🤖 AI Summary
In open-vocabulary semantic segmentation (OVSS), existing training-free methods suffer from two key limitations: class redundancy—introducing irrelevant categories absent in test images—and vision-language ambiguity—causing confusion among semantically similar classes, thereby degrading the quality of class activation maps and affinity refinement maps. To address these challenges without any parameter tuning, we propose FreeCP, the first training-free class purification framework that operates directly on frozen pre-trained vision-language models (VLMs). FreeCP introduces a semantic-similarity-driven class purification strategy to eliminate redundant categories and a class activation correction mechanism to mitigate ambiguity-induced confusion. The framework is fully plug-and-play and requires no training or fine-tuning. Extensive experiments across eight mainstream benchmarks demonstrate that FreeCP significantly outperforms existing training-free methods, validating its strong generalization capability and effectiveness as a universal module for OVSS.
📝 Abstract
Fine-tuning pre-trained vision-language models has emerged as a powerful approach for enhancing open-vocabulary semantic segmentation (OVSS). However, the substantial computational and resource demands associated with training on large datasets have prompted interest in training-free methods for OVSS. Existing training-free approaches primarily focus on modifying model architectures and generating prototypes to improve segmentation performance. However, they often neglect the challenges posed by class redundancy, where multiple categories are not present in the current test image, and visual-language ambiguity, where semantic similarities among categories create confusion in class activation.
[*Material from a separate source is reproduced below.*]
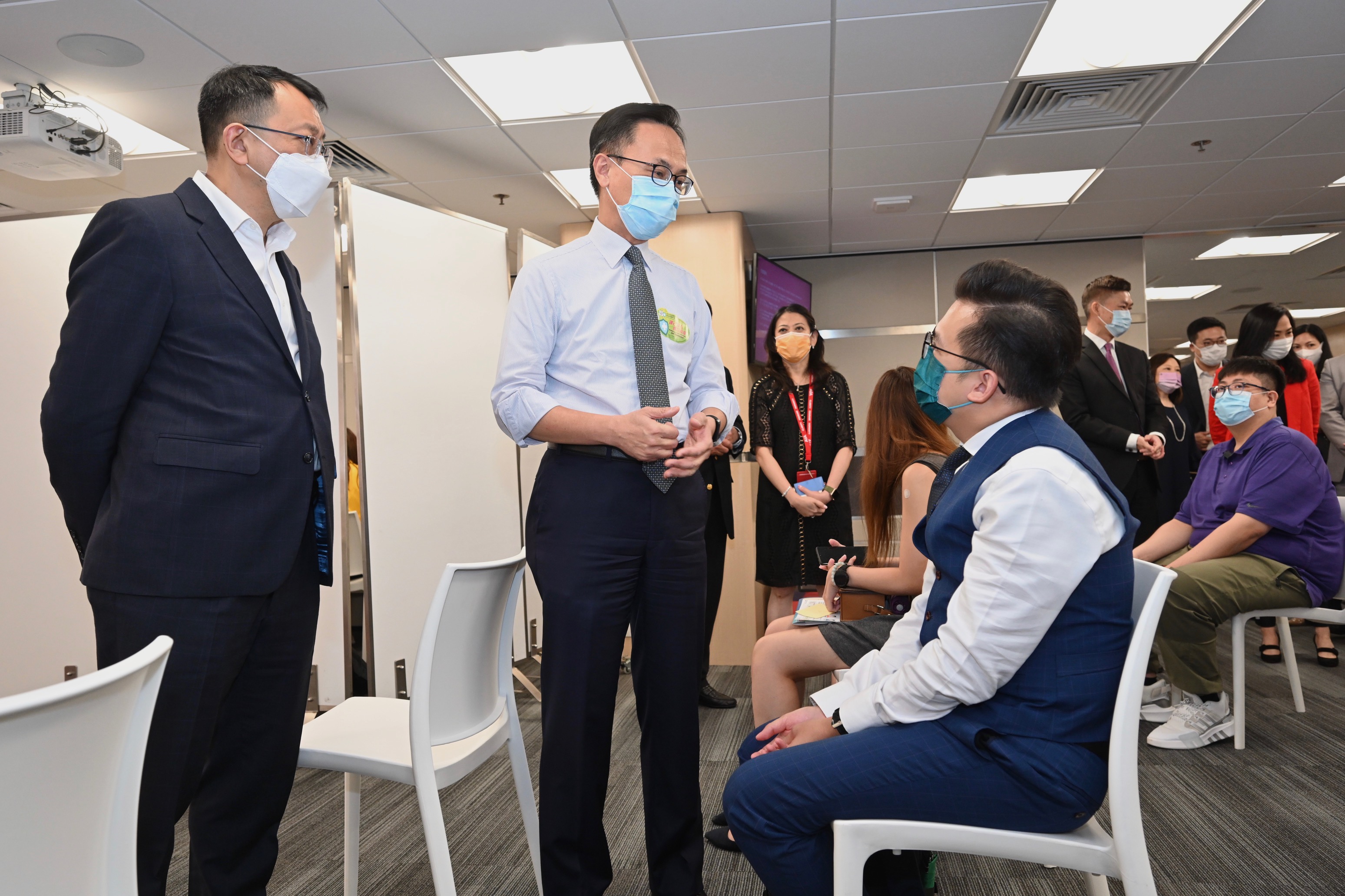 聶德權和友邦香港及澳門營業總經理詹振聲與1名準備接種疫苗人士交談。

These issues can lead to suboptimal class activation maps and affinity-refined activation maps. Motivated by these observations, we propose FreeCP, a novel training-free class purification framework designed to address these challenges. FreeCP focuses on purifying semantic categories and rectifying errors caused by redundancy and ambiguity. The purified class representations are then leveraged to produce final segmentation predictions. We conduct extensive experiments across eight benchmarks to validate FreeCP's effectiveness. Results demonstrate that FreeCP, as a plug-and-play module, significantly boosts segmentation performance when combined with other OVSS methods.